Save the Girls! Make the Bra a No-Phone ZoneDr. Devra Davis, The Green Gazette, Apr/May 2015 (see page 17)
Dr. Davis reports in this magazine that seven cases of young women with unusual breast cancers that may be attributable to keeping cell phones in their bras have been identified to date. That's three additional cases since the case series was published by West et al. (2013).
West JG, Kapoor NS, Liao SY, Chen JW, Bailey L, Nagourney RA. Multifocal Breast Cancer in Young Women with Prolonged Contact between Their Breasts and Their Cellular Phones. Case Rep Med. 2013;2013:354682. doi: 10.1155/2013/354682. Epub 2013 Sep 18.

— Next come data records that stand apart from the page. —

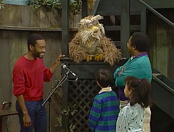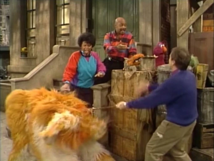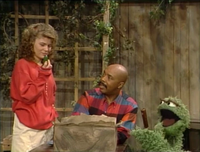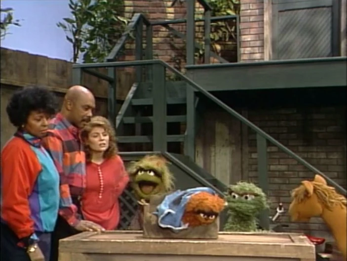 SCENE 6 | Susan wonders what makes Preposterous a Grouch dog if he doesn't seem to be doing much, so Oscar tells her to wait and see. Telly runs in to help brush the dog and when he doesn't see him anywhere (not noticing he's under his blanket), he assumes the dog is lost and runs off to find him. Oscar then encourages Gordon to try playing fetch with the rubber pickle, only Preposterous stays put; Gordon has to do the fetching. Barkley pulls Bob into the scene, trying to get acquainted with Preposterous, who wants nothing to do with him. Amid all the commotion, Susan understands what makes Preposterous a Grouch dog. Grundgetta announces the sponsors. |
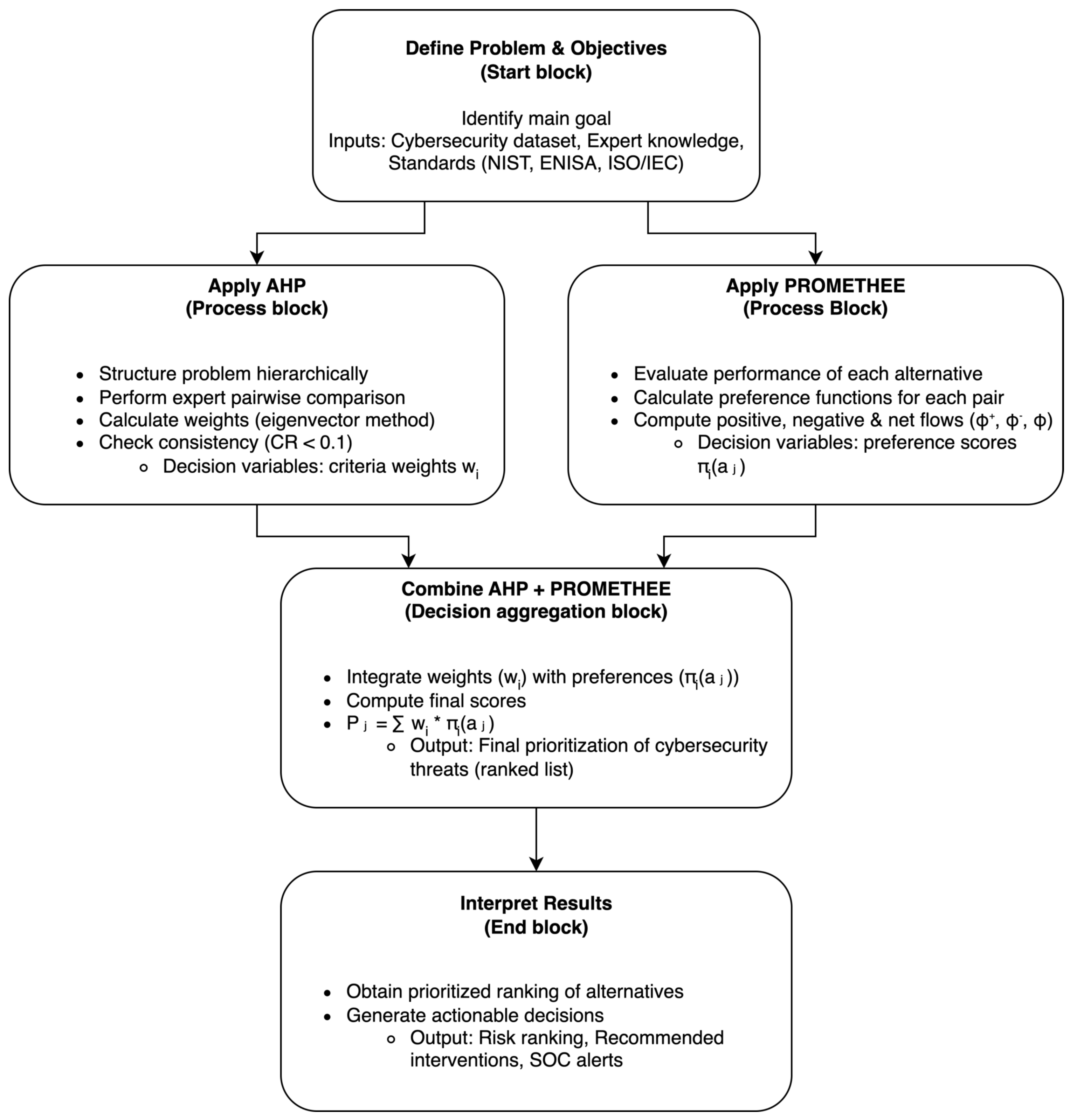 AHP guarantees traceability and consistency of criteria weighting, whereas PROMETHEE excels at computing preference flows without a rigid hierarchical structure. By combining these two, a hybrid AHP–PROMETHEE approach can synergistically exploit expert knowledge and data-driven evaluation to yield a comprehensive cybersecurity risk assessment.
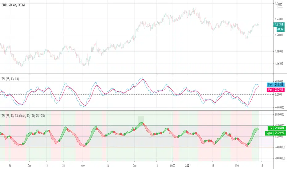 User request. A tuned version of the built-in True Strength Index (TSI) indicator with the following options included:
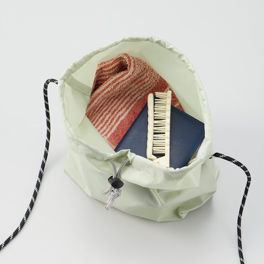 口元はストッパー付きになっており、中身を入れてキュっと絞れば
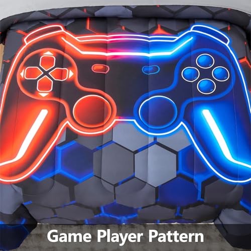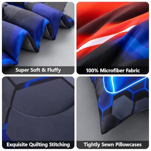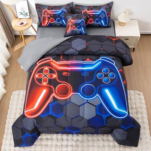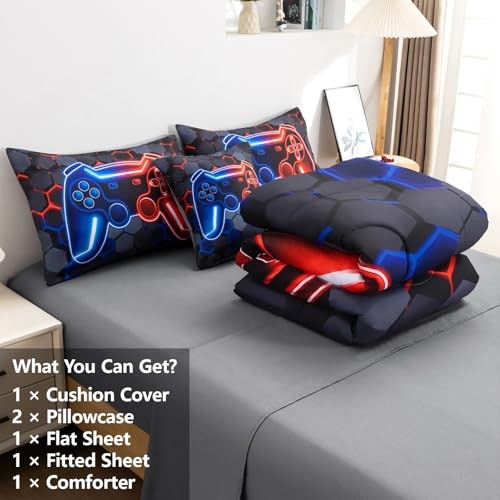 6Pcs Gamer Comforter Set with Sheets for Boys Girls Kids Twin 6 pc Red/Blue
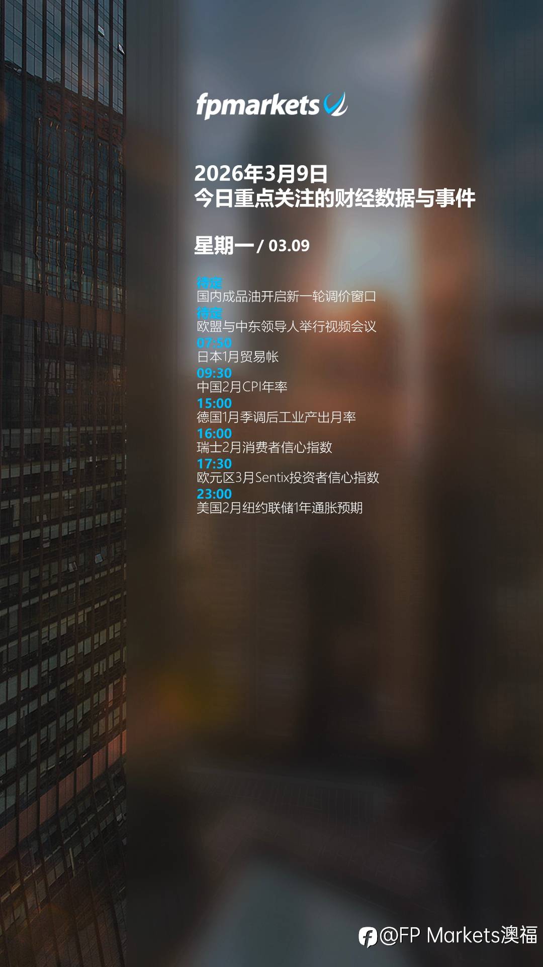 【FP Markets今日重点关注的财经数据与事件:2026年3月9日 周一】#FPMarkets澳福# #财经热点#
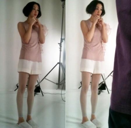 이번에 공개된 사진은 정려원의 패션매거진 화보 촬영장에서의 직찍 사진으로 슬리퍼를 신고 있음에도 마르고 곧게 뻗은 일자다리와 군살 없는 마론 인형 몸매를 뽐내고 있다.
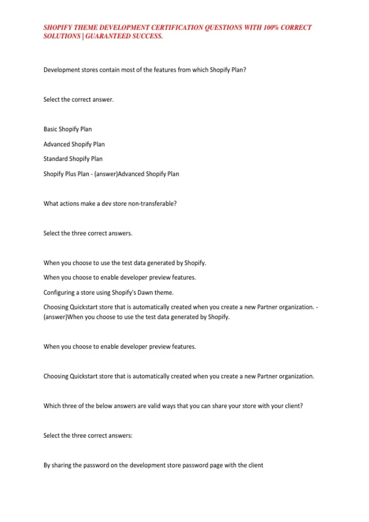 , SHOPIFY THEME DEVELOPMENT CERTIFICATION QUESTIONS WITH 100% CORRECT
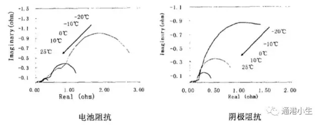 电池阻抗主要体现为电化学反应阻抗,而欧姆阻抗相对较小。由下图可知。随着温度的下降,电池阻抗逐渐上升,且下降至0°C以后,阻抗速度增大,阴极阻抗呈类似的趋势,从数值上来看,电池的阻抗主要来源于阴极阻抗的贡献。
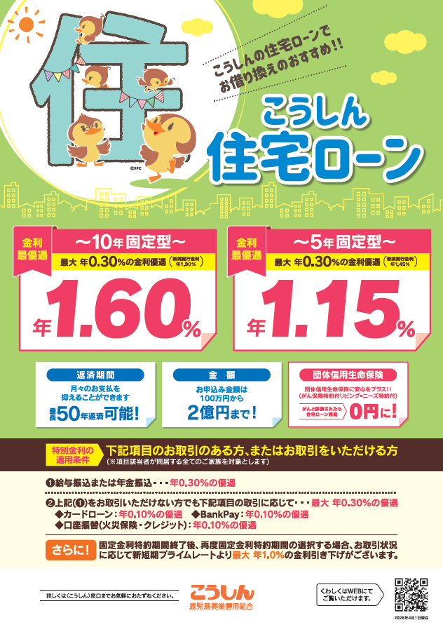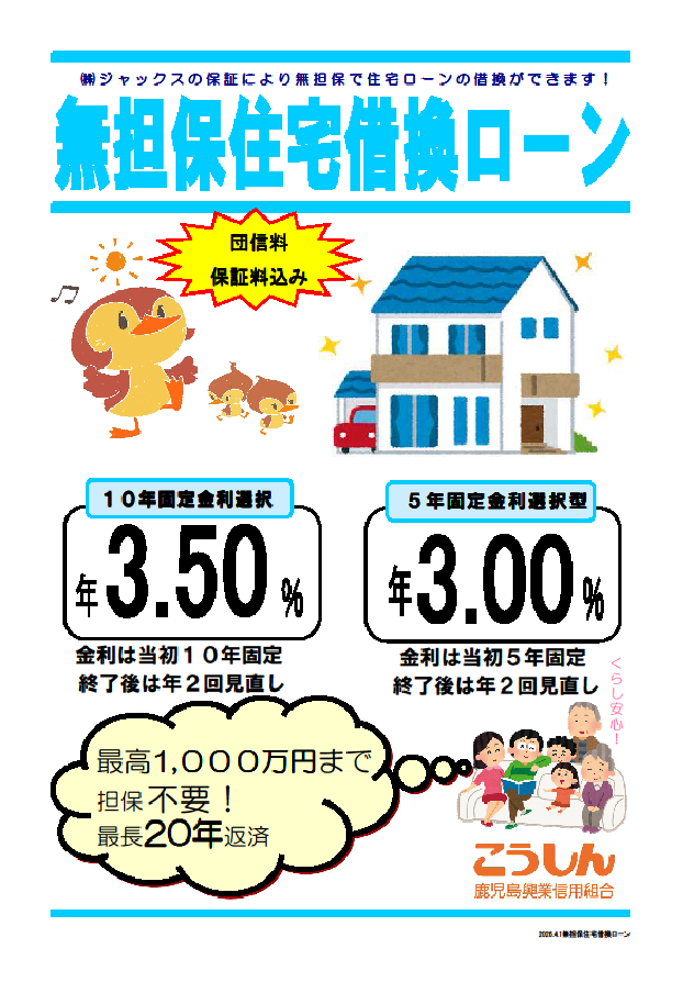 当組合は、曽於市との「定住施策促進に向けた連携協定」に基づき、曽於市内に住宅を新築する人を対象に、所得要件や融資期間を緩和した「長期住宅資金融資制度」を取扱っております。
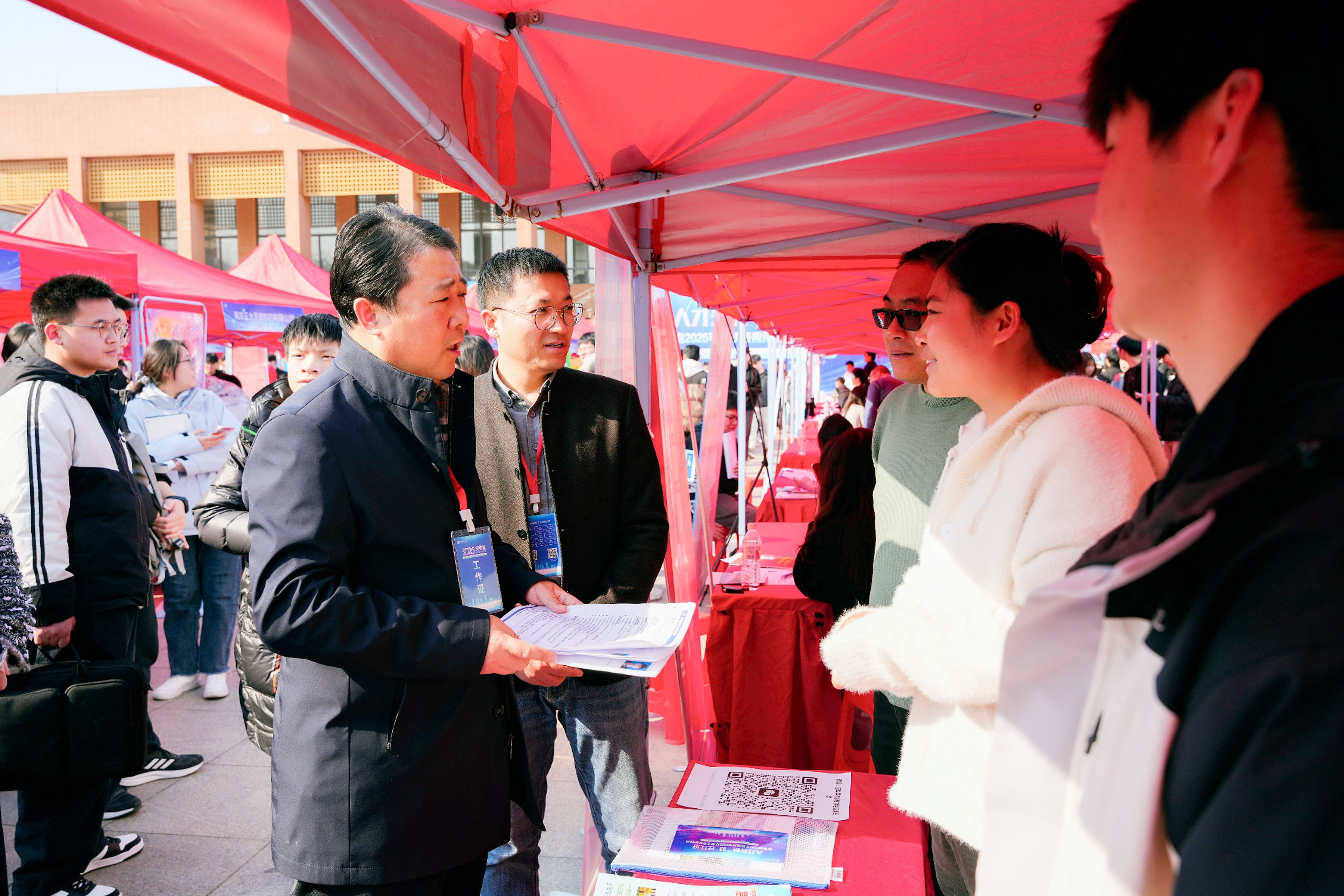 本网讯(通讯员:宋学松 摄影:融媒体工作室/张慧欣、朱雯雯、杜一晟、卢晓雪)3月19日下午,“人才兴皖、‘就’在江淮”安徽省2025年高技能应用型毕业生专场招聘会在贝博官网图书馆南广场成功举办。本次招聘会由安徽省教育厅主办,BB贝博艾弗森官方网站、合肥市蜀山区人力资源和社会保障局承办。省大中专毕业生就业指导中心主任张秋田,省教育厅高校学生处四级调研员黄兵、蜀山区人社局人才中心副主任赖英等一行领导莅临现场指导,省督导专员、校党委书记邸建伟,副校长王琦进及学生处相关人员全程陪同。
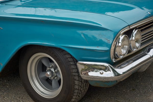 Ezt az időszakot nyugodtan nevezhetjük Detroit virágkorának, és a nagy Chevy, az idővel legendává nemesedő Small Block V8-cal (SBC) tökéletes időkapszula. Grégory autója ugyanis gyakorlatilag eredeti, sosem újították fel és szinte gyári. Kaliforniában készült, és ott élte napjait egészen 2012-ig, amikor árverés útján Franciaországba került, majd egy német tulajdonoshoz, tőle vette a barátom 2016-ban. Sok időt tölthetett garázsban az árverés előtt is, mert az egyetlen lakatolni való a csöpögő fűtőradiátor miatt elrozsdált taposó volt, amit csúnyán javítottak, ezért Grégory újra megcsinálta és új szőnyeget vett rá. A motorra modern gyújtás illesztett, hogy mindig szépen induljon és jól húzzon, illetve még a német tulaj vette rá ezeket a komikusan nagy, elöl 255, hátul 275 széles gumikat American Racing Torque Thrust felniken. És ennyi, minden más úgy van, ahogy az elmúlt 60 évben mindig, még a fényezés is.
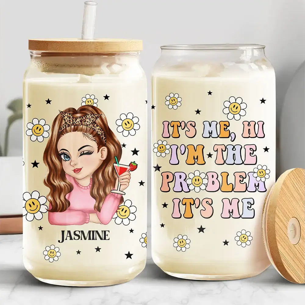 It's Me I'm The Problem - Personalized Clear Glass Can Glass Can The Next Custom Gift
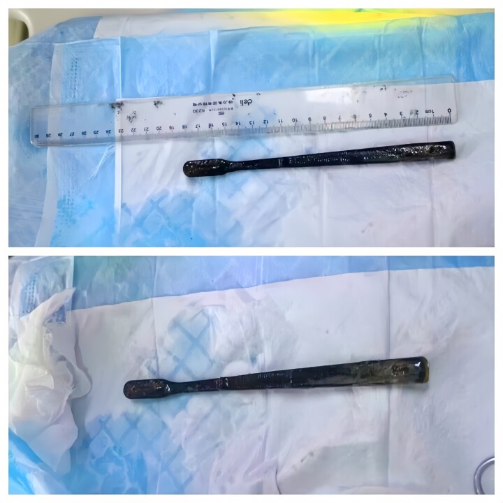 2回目の手術は10月31日に実施された。患者には全身麻酔が施され、医師は内視鏡をゆっくりと挿入した。すると、胃液に侵されて黒ずみ、形が歪んだ歯ブラシが画面にくっきりと現れた。歯ブラシは長期にわたり胃の中にあったために胃壁の組織と強く癒着していた。さらに胃腔の空間が限られていて器具の操作も困難だったため、すべての操作が綱渡りのような慎重さを要した。医師は狭い胃腔の中で内視鏡を巧みに操って歯ブラシをしっかりと捉え、角度をゆっくりと調整しながら、少しずつ胃壁から分離させ、完全な形で取り出した。男性はその後、無事退院することができた。
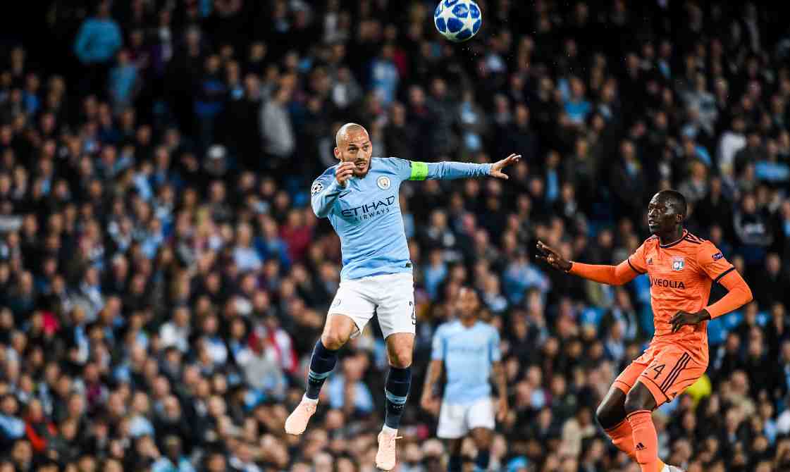 David Silva (L) and Pape Cheikh during the Champions League match between Manchester City and Lyon at Etihad Stadium on September 19. /VCG Photo
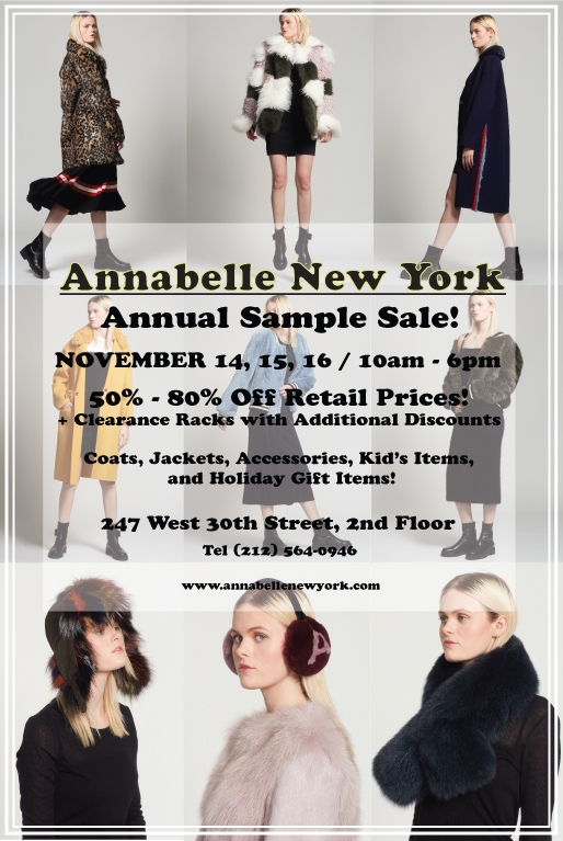 Just in time for the cold snap, Annabelle is hosting what’s sure to be an amazing sample sale of high-quality fur coats, vests, jackets, and accessories for women and children. We are told that prices will be well under wholesale. Expect to find discounts ranging from 50% to 80% off retail.
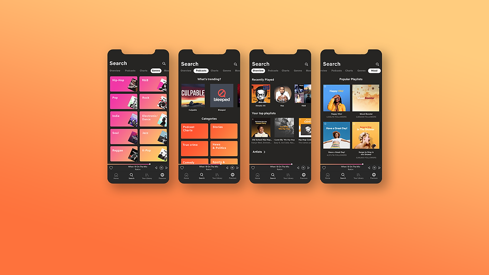 Create separate tabs so that it’s easier for users to find what they’re looking for. (Overview, Podcasts, Charts, Genres, Moods, New Releases & Discover)

Breast cancer occurring in women under the age of 40 is uncommon in the absence of family history or genetic predisposition, and prompts the exploration of other possible exposures or environmental risks. We report a case series of four young women-ages from 21 to 39-with multifocal invasive breast cancer that raises the concern of a possible association with nonionizing radiation of electromagnetic field exposures from cellular phones. All patients regularly carried their smartphones directly against their breasts in their brassieres for up to 10 hours a day, for several years, and developed tumors in areas of their breasts immediately underlying the phones. All patients had no family history of breast cancer, tested negative for BRCA1 and BRCA2, and had no other known breast cancer risks. Their breast imaging is reviewed, showing clustering of multiple tumor foci in the breast directly under the area of phone contact. Pathology of all four cases shows striking similarity; all tumors are hormone-positive, low-intermediate grade, having an extensive intraductal component, and all tumors have near identical morphology. These cases raise awareness to the lack of safety data of prolonged direct contact with cellular phones.
Open access paper: http://www.ncbi.nlm.nih.gov/
Bilal Çiğ, Mustafa Nazıroğlu. Investigation of the effects of distance from sources on apoptosis, oxidative stress and cytosolic calcium accumulation via TRPV1 channels induced by mobile phones and Wi-Fi in breast cancer cells. Biochimica et Biophysica Acta (BBA) - Biomembranes. Available online February 19, 2015.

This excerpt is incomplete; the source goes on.